Холмс поднес к глазам порыжелый газетный лист и прочел:

«Телеграмма из колоний. Индия. Бомбей.

Туземское население страшно взволновано невероятно дерзкой кражей, имевшей место недалеко от Бомбея во дворце местного раджи Бен — Али. Славящийся своим богатством и влиянием на население, всеми уважаемый раджа Бен — Али в день совершения преступления выехал на охоту, оставив свою годовалую дочь Ирру дома. Раджа Бен — Али — красавец собою и женат на англичанке из очень хорошей семьи. Благодаря этому маленькая Ирра вышла цветом кожи более похожей на европейскую девушку, нежели на индианку. Ирра — единственная дочь у раджи, и родители боготворили ее. Когда Бен — Али уезжал на охоту, Ирра вместе с нянькой гуляла в окрестностях замка. Видя, что нянька с ребенком долго не возвращаются, во дворце встревожились. За нянькой послали людей и вскоре ее нашли недалеко от дороги мертвой, с колотой раной в груди. Ребенок исчез. Поднялась страшная тревога, тысяча конных и пеших были разосланы во все концы, но поиски не увенчались успехом. Ирра исчезла. Приехавший раджа удвоил поиски, назначив крупную награду тому, кто найдет ребенка, но и это не имело успеха. Английская полиция также поставлена на ноги».

Окончив чтение, Шерлок Холмс опустил на колени газетный лист и посмотрел на меня. Я был сильно взволнован.

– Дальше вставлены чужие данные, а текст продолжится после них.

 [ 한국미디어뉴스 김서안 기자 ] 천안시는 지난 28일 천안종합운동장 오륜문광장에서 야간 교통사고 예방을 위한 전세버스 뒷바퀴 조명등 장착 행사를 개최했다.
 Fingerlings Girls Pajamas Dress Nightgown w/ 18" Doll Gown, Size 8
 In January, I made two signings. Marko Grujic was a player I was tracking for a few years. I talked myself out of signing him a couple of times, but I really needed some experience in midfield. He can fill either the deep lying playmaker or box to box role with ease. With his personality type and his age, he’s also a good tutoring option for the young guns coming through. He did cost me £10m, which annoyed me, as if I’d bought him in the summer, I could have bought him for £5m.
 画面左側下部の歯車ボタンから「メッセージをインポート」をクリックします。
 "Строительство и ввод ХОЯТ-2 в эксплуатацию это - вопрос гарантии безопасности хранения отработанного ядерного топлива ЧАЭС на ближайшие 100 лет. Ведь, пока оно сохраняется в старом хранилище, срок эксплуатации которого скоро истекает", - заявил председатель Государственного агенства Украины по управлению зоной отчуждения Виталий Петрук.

— И вы думаете… — начал было я, но Холмс перебил меня.

— Дочь раджи Бен — Али, маленькая Ирра, похищенная двадцать лет тому назад близ Бомбея, найдена. Единственная наследница одного из самых богатых людей Индии стала русской графиней.

Холмс умолк и глубоко задумался.

— Да, дорогой Ватсон, в этом деле надо действовать с величайшей осторожностью. С жизнью молодой женщины связана тайна, разрешить которую наша задача.

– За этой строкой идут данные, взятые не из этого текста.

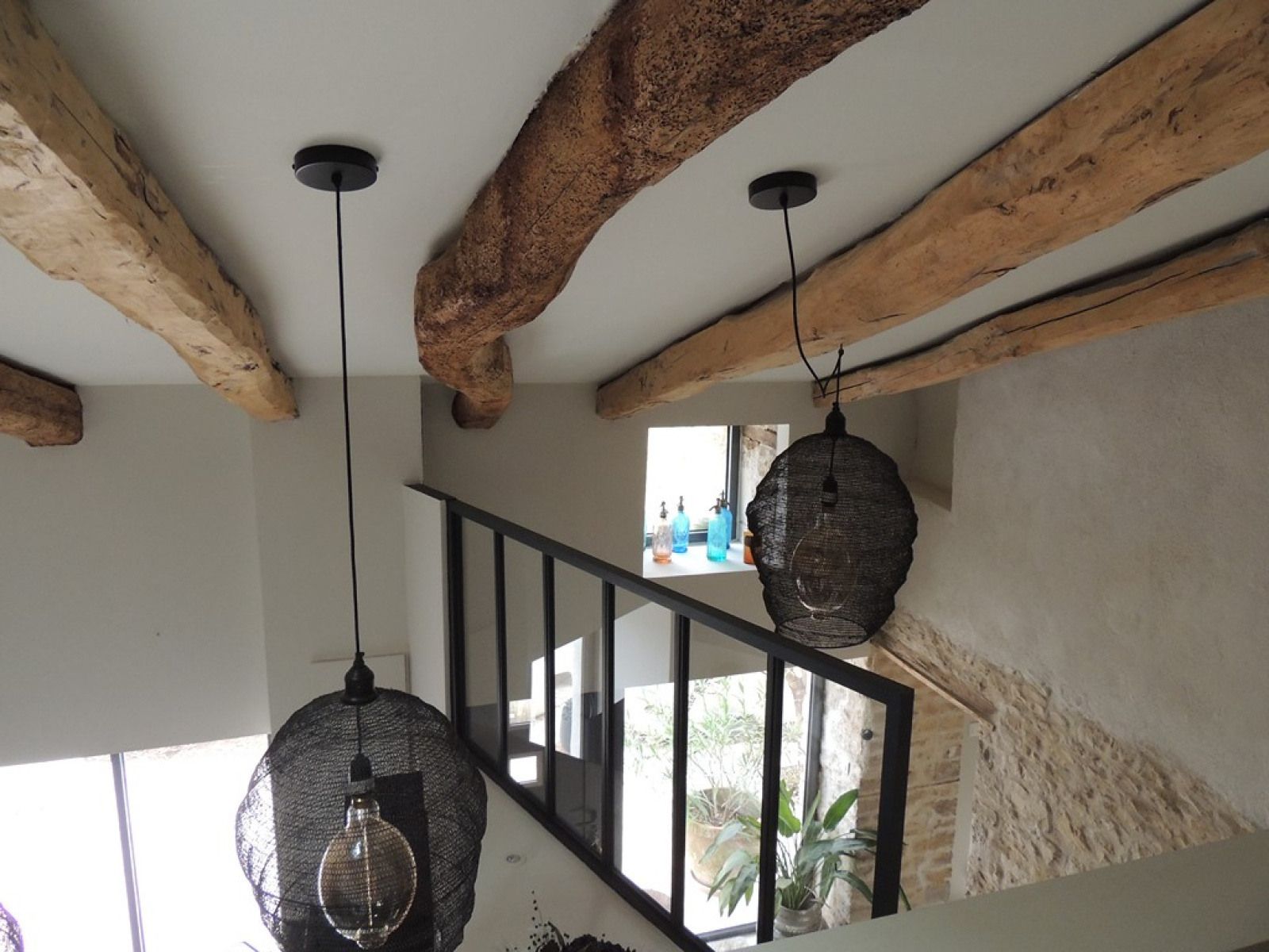 - A l'étage, le palier dessert trois chambres, une mezzanine, un bureau et une salle d'eau avec wc.

Просидев у мистера Девлея около получаса, мы простились с радушным хозяином и ушли.

IX

Но домой мы не пошли.

Выйдя на улицу, Холмс остановился в раздумье.

— Прежде всего нам нужно подкрепить свои силы хорошим куском ростбифа или чего — нибудь другого, — произнес он. — Пойдемте же, Ватсон, в ресторан, а то скоро уже настанет вечер.

Мы зашли в один из ресторанов, заказали себе холодный ростбиф и жареную курицу с рисом.

Когда наш аппетит был удовлетворен, Холмс обратился ко мне:

— Вас, дорогой Ватсон, я попрошу подежурить всю сегодняшнюю ночь в доме графини. Не говорите ей ничего о нашем открытии и зорко следите за улицей и двором. Я же отправлюсь на кладбище и завтра утром приду к графине. Прислуге она должна сказать, что вы близкий родственник ее мужа, приехавший из какого — нибудь другого города.

Мы расстались.

Я сделал все, как было мне сказано Холмсом.

Почему — то мне казалось, что за графиней кто — то следит, и я посоветовал ей на время переменить спальню, выбрав для себя комнату в противоположном конце квартиры.

Она послушалась моего совета и устроилась в небольшой гостиной, имевшей ход лишь во вторую гостиную.

В одиннадцать часов вечера молодая женщина легла спать, а я, потушив в доме огни и осмотрев запоры, остался дежурить.

Сняв ботинки, я неслышно скользил из одной комнаты в другую, зорко наблюдая за двором и улицей.

Во дворе, кроме меня, были и другие сторожа. Это были две огромные овчарки, способные задушить медведя.

Днем они сидели на цепи, а ночью их выпускали на волю, и они не давали проходу не только чужим, ко даже своим людям, всем, кроме графа, графини и кухарки, которая кормила их и которой поручалось сажать их на цепь и спускать на волю.

Долго ходил я из одной комнаты в другую, тщательно стараясь увидеть что — нибудь подозрительное.

Улица была как улица, запоздалые прохожие изредка нарушали мертвую тишину, и, наконец, стало совсем тихо.

Потом начало светать.

Тогда по улице потянулись деревенские телеги, направлявшиеся к базару, и когда наступило утро, город принял свой обычный вид.

В восемь часов за мной зашел Холмс.

По его лицу было видно, что он лишь потерял даром время.

Узнав, что и я ничего не видел, он заявил, что, несмотря на неудачу, ни за что не откажется от своего первоначального плана, и предложил пойти в гостиницу соснуть.

Я не стану описывать следующие четыре дня. Все они походили один на другой и ничем не разнообразились.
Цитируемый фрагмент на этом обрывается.